• RECORDED DATA:
========================================================================
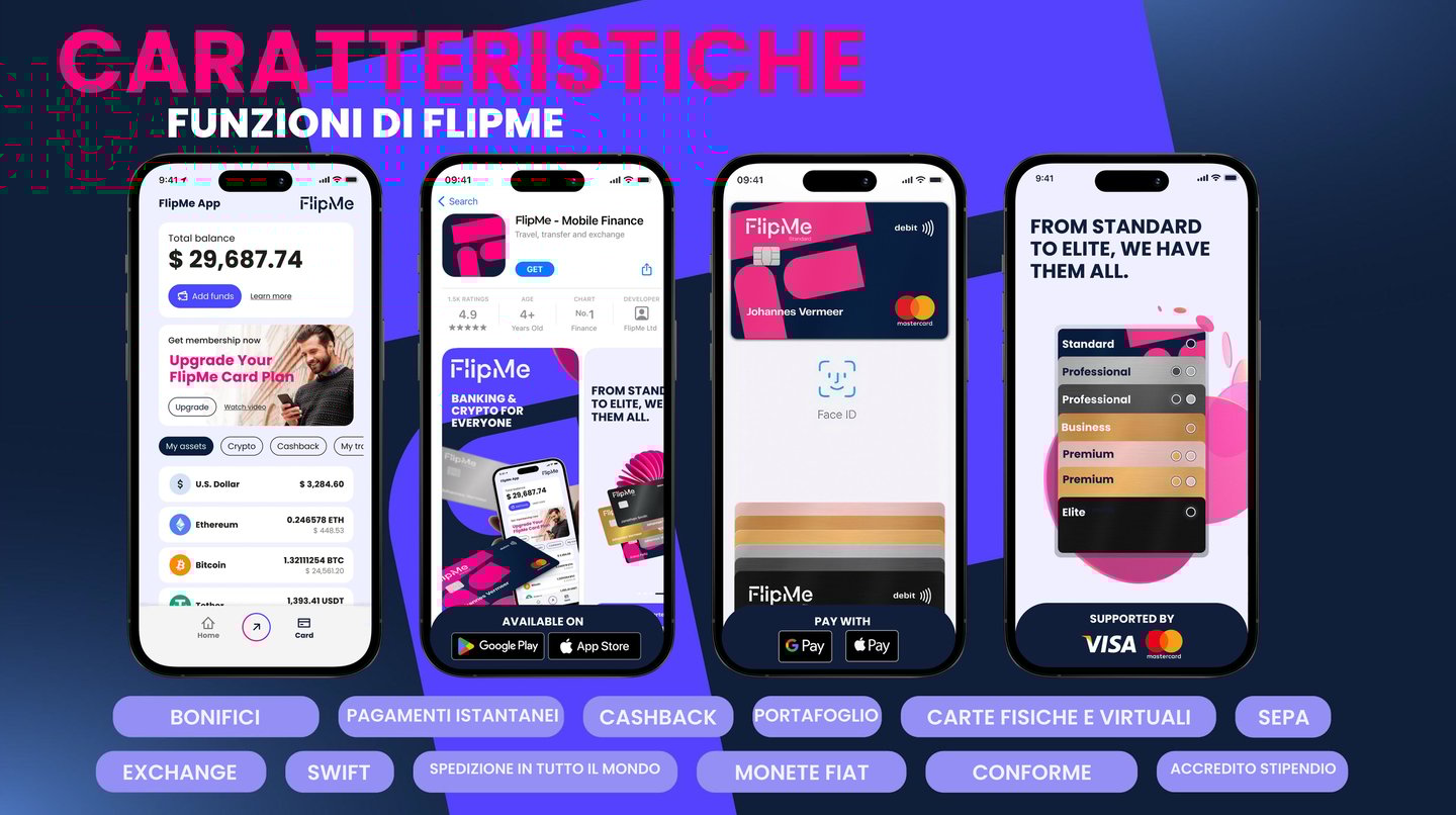 FlipMe è disponibile a livello globale tramite App Store e Google Play Store per miliardi di persone alla ricerca di una soluzione moderna per il banking e le criptovalute.
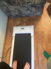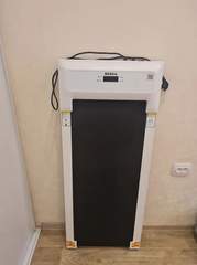 Покупала дорожку для ходьбы и в дальнейшем для работы стоя. Хорошие амортизаторы, довольно тихая. Для меня тяжёлая, но зато крепкая, железная. Пришла с царапиной сбоку, но не критично. Приложение не устанавливала, включаю тренировку на телефоне(самсунг), он отлично считает шаги, скорость и расход калорий) Белый цвет отлично вписался в интерьер) Смазала перед первым использованием без ослабления ленты) Рекомендую
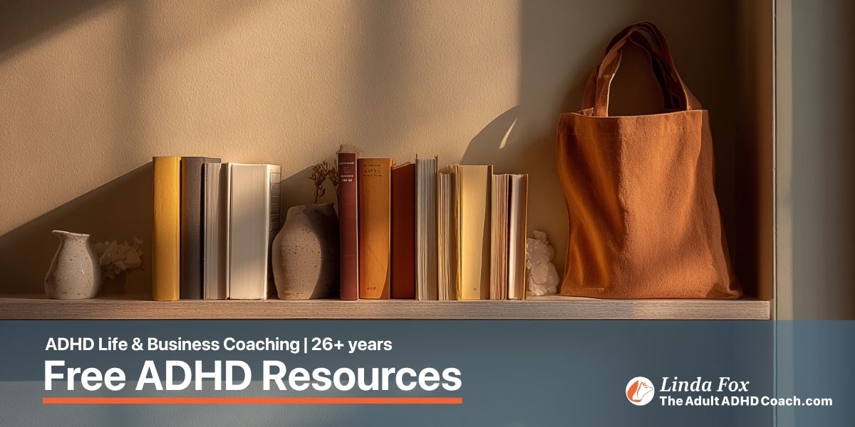 Everything here has been chosen to help you understand how your brain works, whether you have ADHD, AuDHD, or another neurodivergent condition, and build strategies that actually fit the way you are wired. Drawn from 26+ years of coaching adults with ADHD.
========================================================================
• WHAT YOU WILL DO: Copy out exactly, with no pictures, the lines of the data from the first one through the line bearing "Покупала дорожку для".

• ANSWER SPACE:
 FlipMe è disponibile a livello globale tramite App Store e Google Play Store per miliardi di persone alla ricerca di una soluzione moderna per il banking e le criptovalute.
 Покупала дорожку для ходьбы и в дальнейшем для работы стоя. Хорошие амортизаторы, довольно тихая. Для меня тяжёлая, но зато крепкая, железная. Пришла с царапиной сбоку, но не критично. Приложение не устанавливала, включаю тренировку на телефоне(самсунг), он отлично считает шаги, скорость и расход калорий) Белый цвет отлично вписался в интерьер) Смазала перед первым использованием без ослабления ленты) Рекомендую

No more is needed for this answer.